▶ _Directions_:
Exact copy, no pictures: output each line below as it stands.

▶ _Dataset extract_:
▼

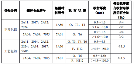 ②厚度小于等于0.7mm經(jīng)鹽浴爐生產(chǎn)的退火板材,只能供應(yīng)寬度小于或等于1200mm,長(zhǎng)度小于或等于4000mm的板材。包覆層需包鋁的板材應(yīng)進(jìn)行雙面包覆,其包覆材料牌號(hào)及軋制后的包覆層厚度應(yīng)符合表3的規(guī)定。
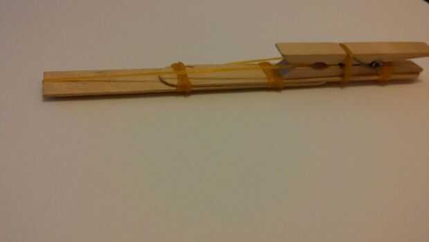 Abrir la pinza para la ropa y poner una parte de una banda de goma interior. Luego, cerrarlo y estirar la goma al palo cortado. (Ver imagen)
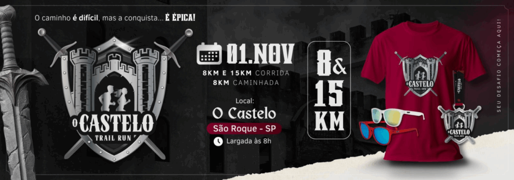 A 1º edição O Castelo Trail Run será no dia 01 de novembro às 08:00 em São Roque, terá as modalidades: 8 Km Caminhada / 8 Km Corrida / 15 Km Corrida.
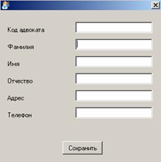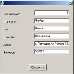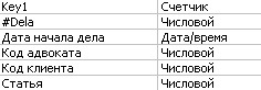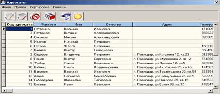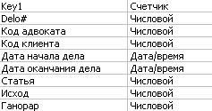 Таблицы "Адвокаты" и "Клиенты" заполняются непосредственно в MSAccess, так как данные в этих таблицах не должны быть доступны для служащих юридической конторы.

▲

▶ _Response_:
 ②厚度小于等于0.7mm經(jīng)鹽浴爐生產(chǎn)的退火板材,只能供應(yīng)寬度小于或等于1200mm,長(zhǎng)度小于或等于4000mm的板材。包覆層需包鋁的板材應(yīng)進(jìn)行雙面包覆,其包覆材料牌號(hào)及軋制后的包覆層厚度應(yīng)符合表3的規(guī)定。
 Abrir la pinza para la ropa y poner una parte de una banda de goma interior. Luego, cerrarlo y estirar la goma al palo cortado. (Ver imagen)
 A 1º edição O Castelo Trail Run será no dia 01 de novembro às 08:00 em São Roque, terá as modalidades: 8 Km Caminhada / 8 Km Corrida / 15 Km Corrida.
 Таблицы "Адвокаты" и "Клиенты" заполняются непосредственно в MSAccess, так как данные в этих таблицах не должны быть доступны для служащих юридической конторы.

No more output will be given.